◆ **Exercise brief**: Restate every line of the material below word for word, skipping the images.

◆ **Data section**:
* * *

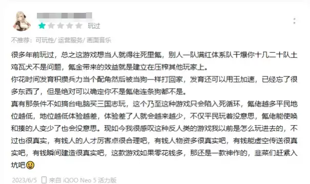 这些抱怨,都围绕着“肝氪”两个关键字眼。但事实上,这并不是SLG这个品类铲除不掉的恶疾,之所以形成这种印象,是因为品类中的产品摆烂、圈钱风气盛行,并且大家还纷纷效仿头部厂商对游戏以及玩家不负责、不上心的行事态度。久而久之,玩家自然会逐渐心寒,甚至对整个品类失去信心,提到SLG就PTSD也不难理解。
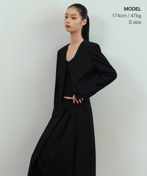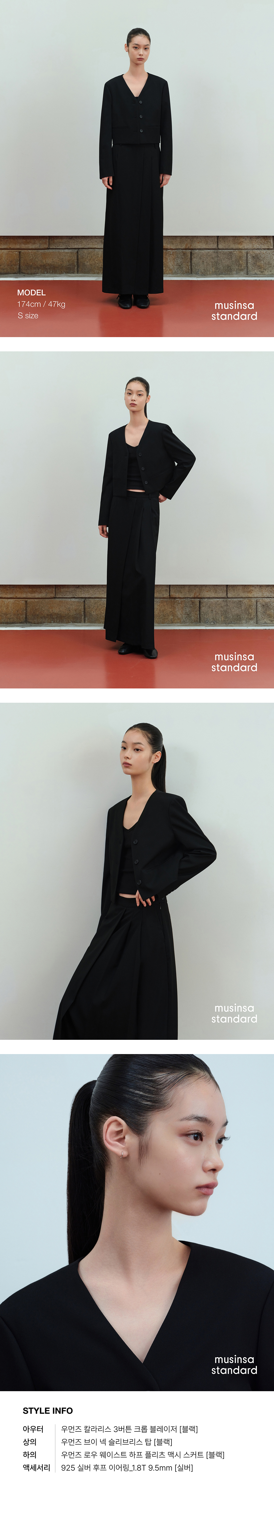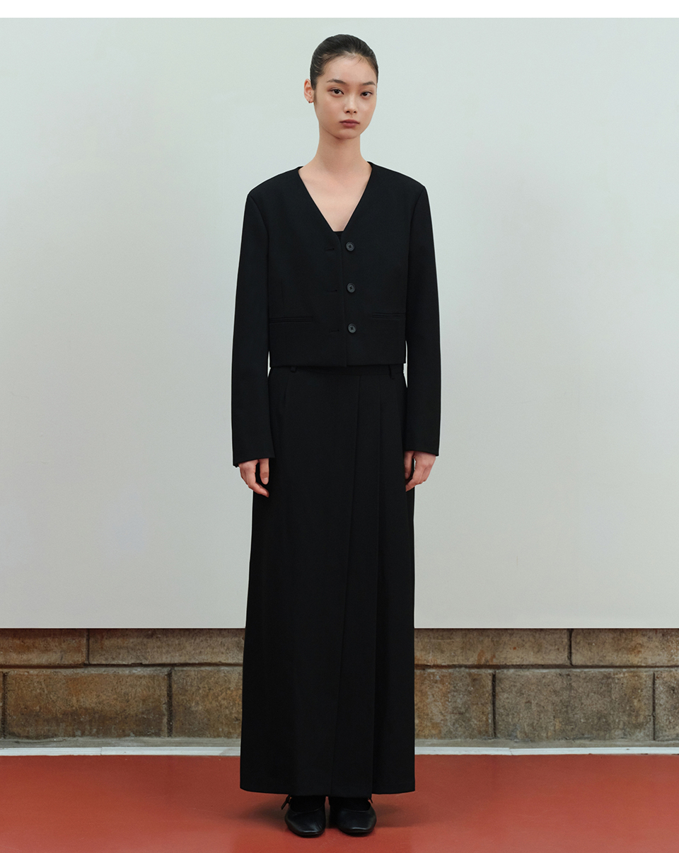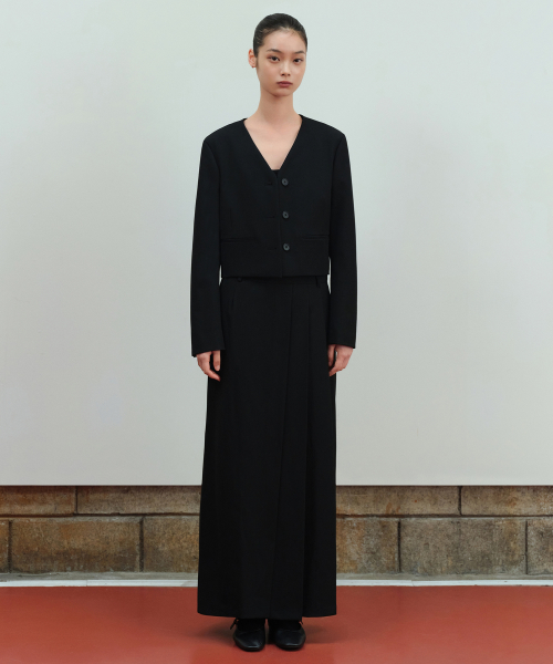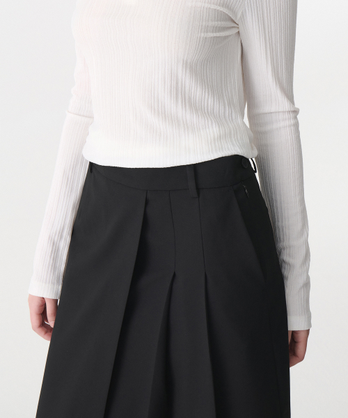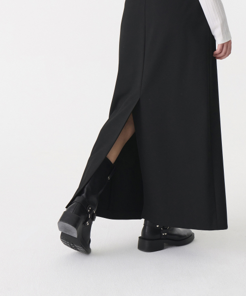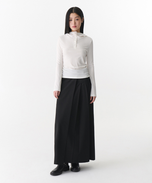 우먼즈 로 웨이스트 하프 플리츠 맥시 스커트 [블랙]
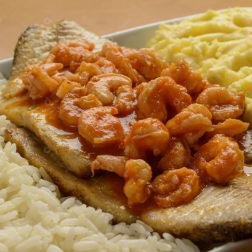 Filé de robalo levemente passado na farinha de arroz, frito em óleo de algodão. Camarões no azeite de oliva, com molho vermelho e um toque de amor. Acompanha um cremosissimo purê de batata e arroz branco
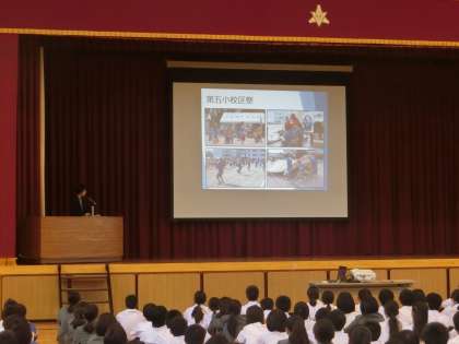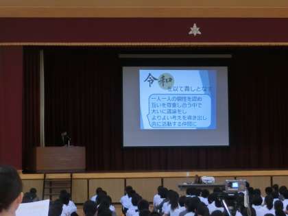 5月の朝礼を行いました。5月10日のあいさつの輪の日、12日の五小校区祭のふり返りをし、地域の人たちとつながること、地域の役立つ力となることを伝えました。また、令和にちなんで「和を以て貴しとなす」について話をしました。

* * *

◆ **Task output**:
 这些抱怨,都围绕着“肝氪”两个关键字眼。但事实上,这并不是SLG这个品类铲除不掉的恶疾,之所以形成这种印象,是因为品类中的产品摆烂、圈钱风气盛行,并且大家还纷纷效仿头部厂商对游戏以及玩家不负责、不上心的行事态度。久而久之,玩家自然会逐渐心寒,甚至对整个品类失去信心,提到SLG就PTSD也不难理解。
 우먼즈 로 웨이스트 하프 플리츠 맥시 스커트 [블랙]
 Filé de robalo levemente passado na farinha de arroz, frito em óleo de algodão. Camarões no azeite de oliva, com molho vermelho e um toque de amor. Acompanha um cremosissimo purê de batata e arroz branco
 5月の朝礼を行いました。5月10日のあいさつの輪の日、12日の五小校区祭のふり返りをし、地域の人たちとつながること、地域の役立つ力となることを伝えました。また、令和にちなんで「和を以て貴しとなす」について話をしました。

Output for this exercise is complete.